Finnick weaves yet another water basket and a net for fishing. I take a quick swim and put more ointment on my skin. Then I sit at the edge of the water, cleaning the fish Finnick catches and watching the sun drop below the horizon. The bright moon is already on the rise, filling the arena with that strange twilight. We're about to settle down to our meal of raw fish when the anthem begins. And then the faces…

Cashmere. Gloss. Wiress. Mags. The woman from District 5. The morphling who gave her life for Peeta. Blight. The man from 10.

Eight dead. Plus eight from the first night. Two-thirds of us gone in a day and a half. That must be some kind of record.

“They're really burning through us,” says Johanna. “Who's left?
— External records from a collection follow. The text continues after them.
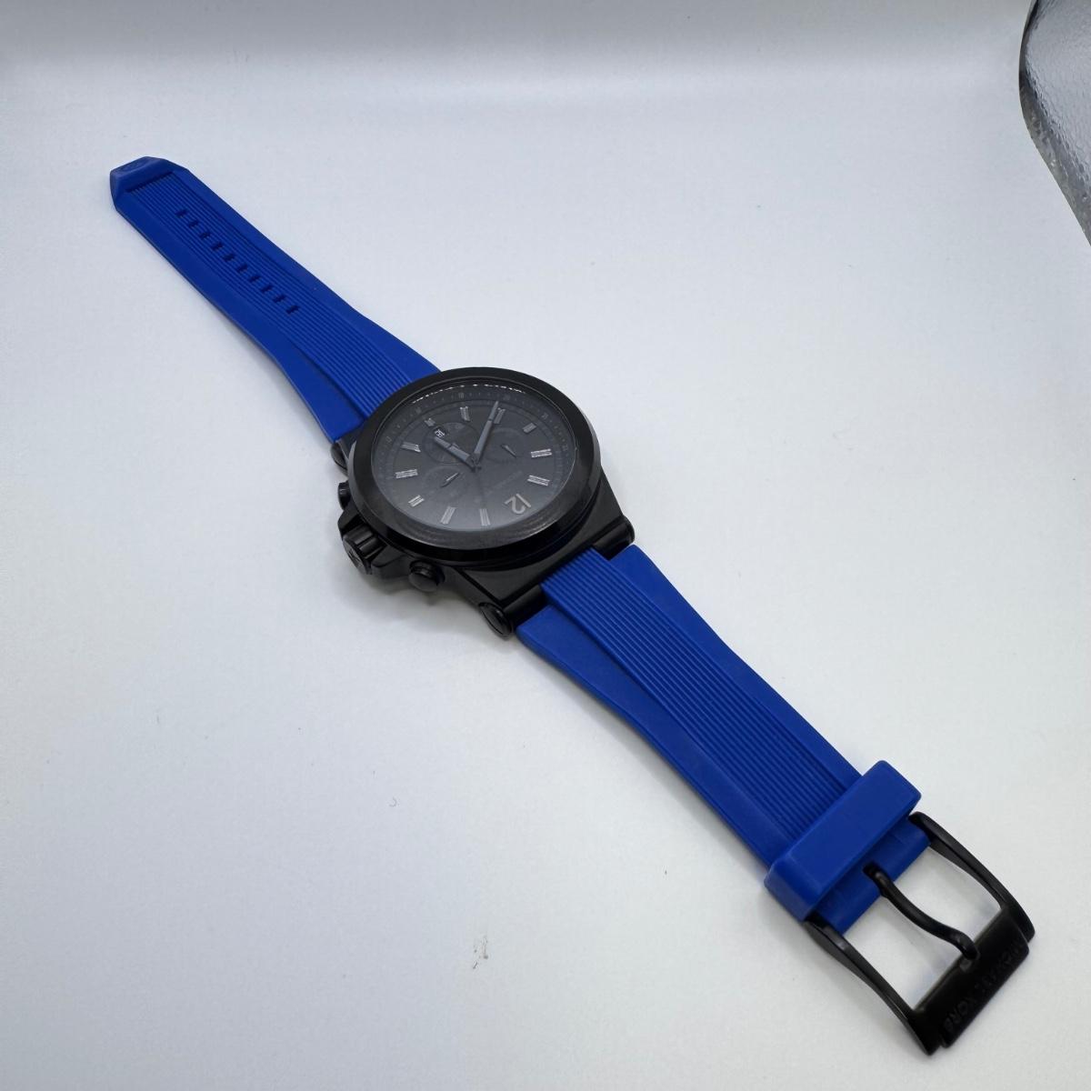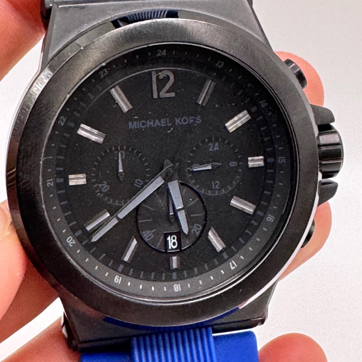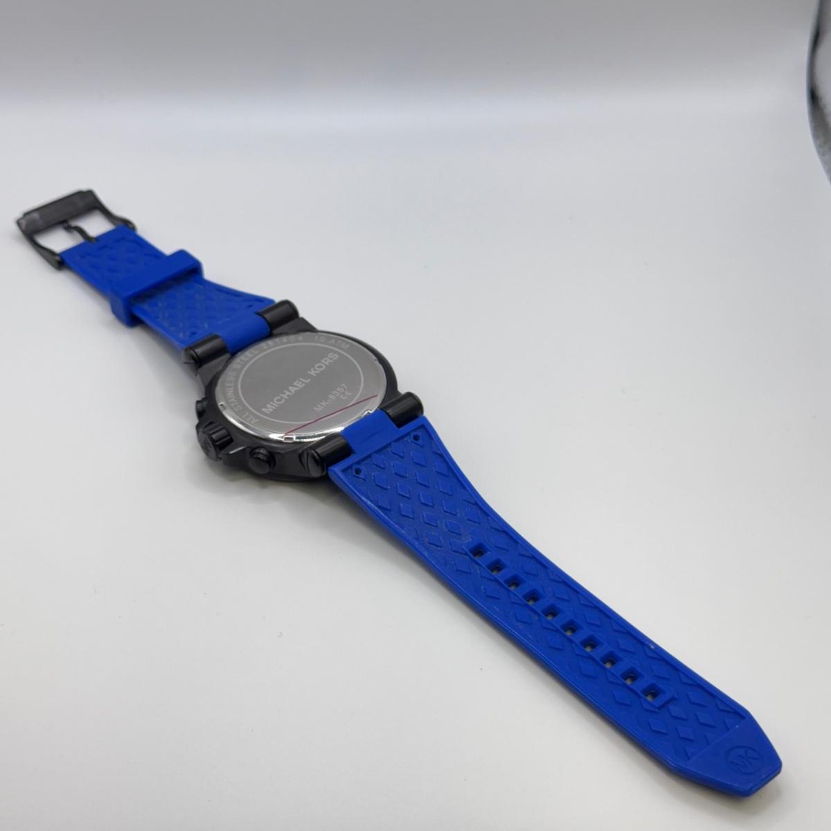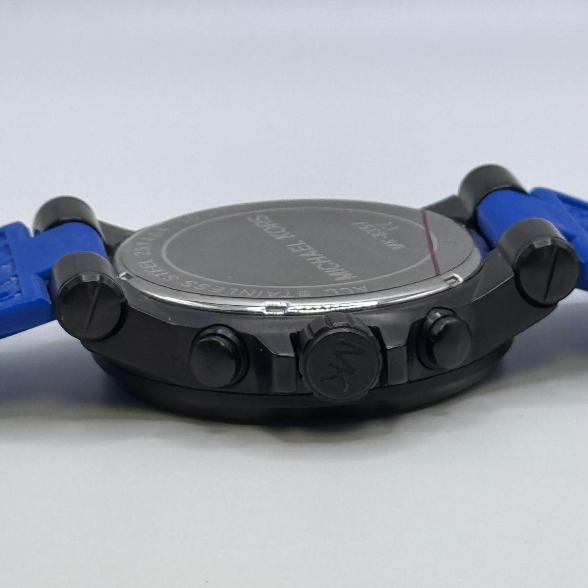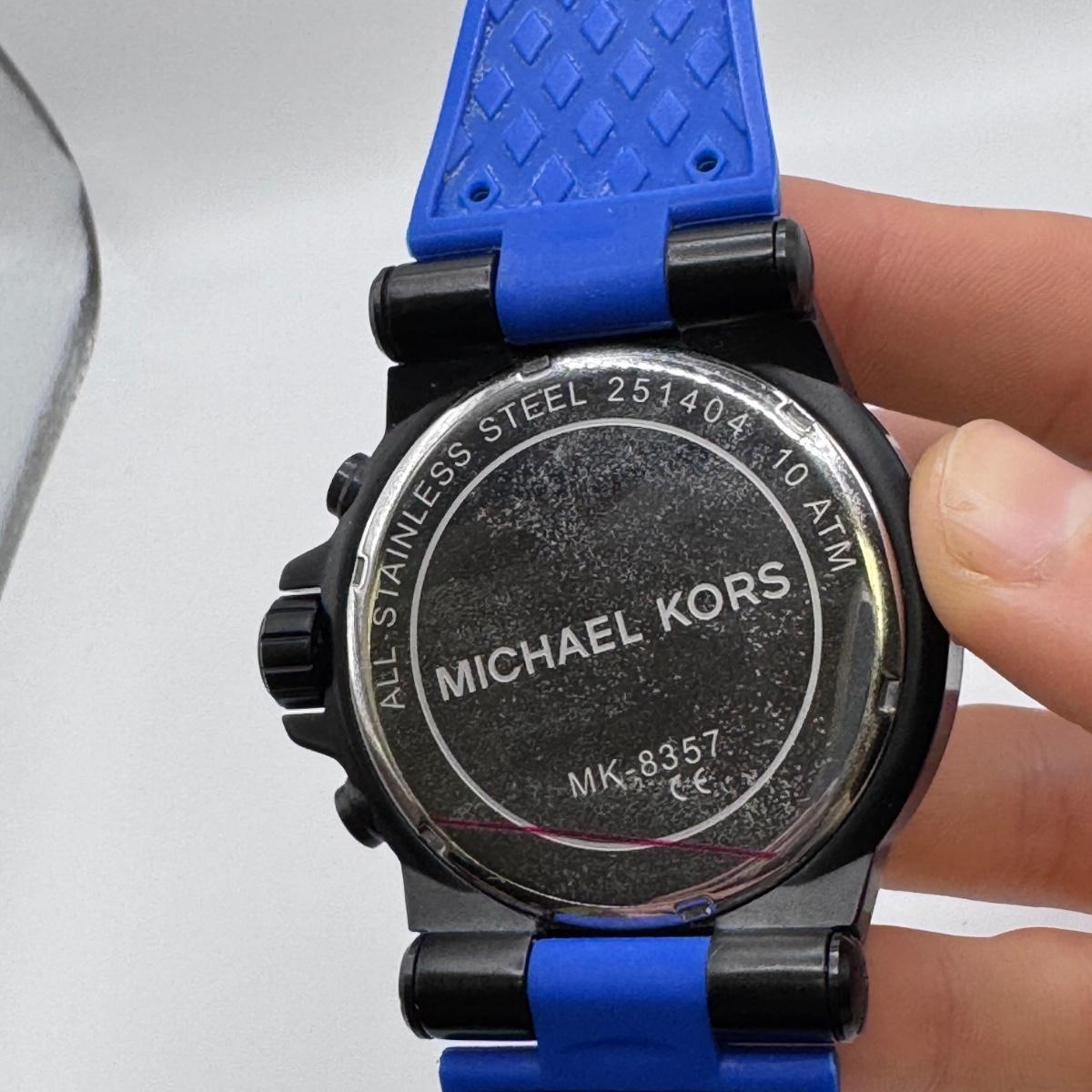 This lot includes one Michael Kors MK8357 watch made of stainless steel and rubber. The watch is in a pretty chronograph blue and measures 10.5” long, watch is currently not running. Shipping available.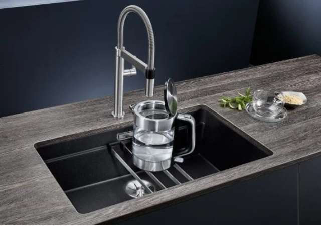 Chậu rửa bằng đá granit làm từ SILGRANIT: Vật liệu composite được cấp bằng sáng chế từ 80% thạch anh là đá nhân tạo chất lượng cao - dễ chăm sóc, chống trầy xước, bền và chịu nhiệt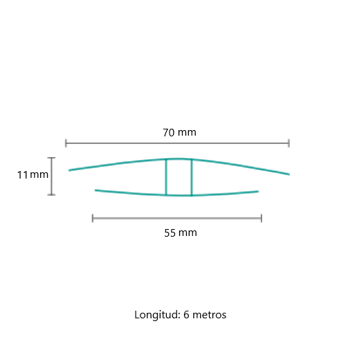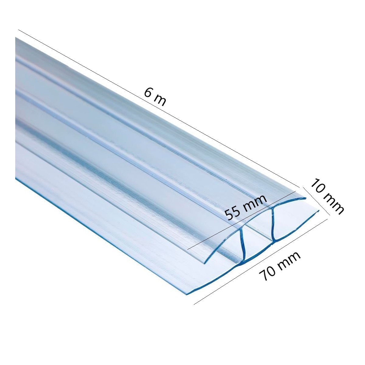 Perfil para la unión de diferentes placas de policarbonato de 10 mm, no portante, no apto para ser sometido a carga. Su función es unir láminas de manera longitudinal y transversal para obras de pequeña envergadura.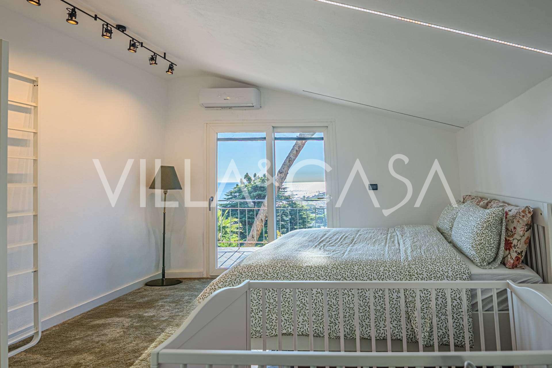 Yläkerta muodostaa yksityisalueen, jossa on kaksi tilavaa makuuhuonetta, joista kummastakin on käynti terassille, josta on upeat panoraamanäkymät. Aamunkoit ja iltarusko, jotka heijastuvat Ligurian meren vesiin, luovat rauhan ja romantiikan ilmapiirin.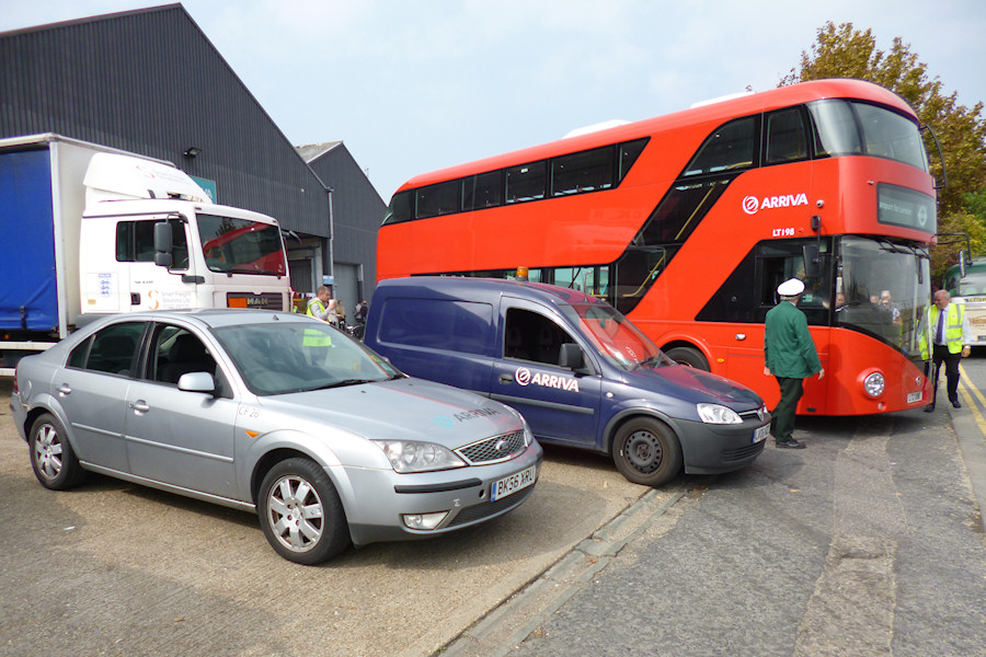| Details: The 'Year of the Bus' saw several garage open days take place, the last being at Dartford on 7th September 2014. This photo taken at the front of the garage shows two ferry vehicles parked up, while visiting New Routemaster LT198 departs to undertake a local tour. Nearest the camera is Ford Mondeo saloon BK56XRU, originally used from Grays garage and now carrying its fleetnumber CF26. The dark blue Vauxhall Combo van is allocated number VF403 bus this was not carried. It did have traces of its former TGM lettering, along with a roof beacon light (suggesting air-side use at Heathrow perhaps). By taking a ride through the bus wash, a few other service vehicles were noted, including several dumped Vauxhall Combo vans and two LDV Convoy minibuses still in TGM livery. | |||||

Besides us five and District Two?” asks Finnick.

“Chaff,” says Peeta, without needing to think about it. Perhaps he's been keeping an eye out for him because of Haymitch.

A parachute comes down with a pile of bite-sized square-shaped rolls. “These are from your district, right, Beetee?” Peeta asks.

“Yes, from District Three,” he says. “How many are there?”

Finnick counts them, turning each one over in his hands before he sets it in a neat configuration. I don't know what it is with Finnick and bread, but he seems obsessed with handling it. “Twenty-four,” he says.

“An even two dozen, then?” says Beetee.